Then there’s all the extra stuff to remember to do like call the 800 numbers on the back of the credit cards, leave contact information with everybody, make sure the alarm company knows who to call if there’s an anomaly, set a timer on the stereo so the birds have music to fly by…
Packing itself is a major engineering feat. I have never had to pack so much in so little space, but I’m liking the challenge. There are some practical perks here. I won’t need anything fancy to wear for one special event, and although I am used to having the laptop with me it won’t be making this trip, but since I already got used to reviewing my pictures on the camera for three weeks in East Africa I should be able to get by for one week in Colombia. Not having to worry about the laptop is perhaps a blessing in disguise.

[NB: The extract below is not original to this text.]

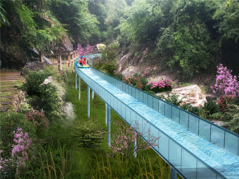 玻璃漂流水滑道是水上游玩的新的项目,适用于旅游景点、游乐 园等场地,水滑道能够基本建设在山中,在滑下来的全过程中赏析田林中的景色。
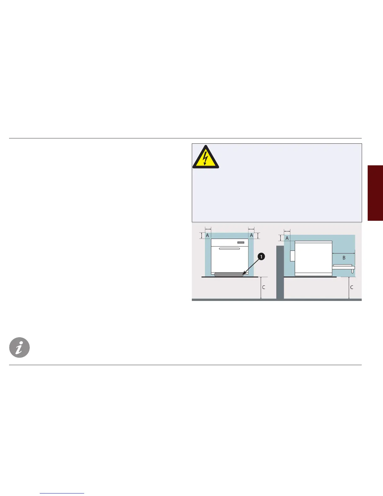 Deixe uma folga suciente (B) na frente do forno para abrir a porta

The cell phone will keep me connected, at times. And when it doesn’t, there is bliss in the realization that I am in the moment somewhere else on the planet and cannot be reached until I get back to the lodge, perhaps. A true vacation.
In case you’ve been wondering what any of this has to do with pictures of a Ring-Billed Gull with a peanut, I suggest the connection is no more than mutual exercises in futility. He stayed preoccupied with this peanut, since I also had crows in attendance who were enjoying them, for at least 10 minutes. His friend was unimpressed by it. Gulls can’t eat peanuts, but this one wanted to try. Alas, even after I shelled one for him he didn’t know what to do with it.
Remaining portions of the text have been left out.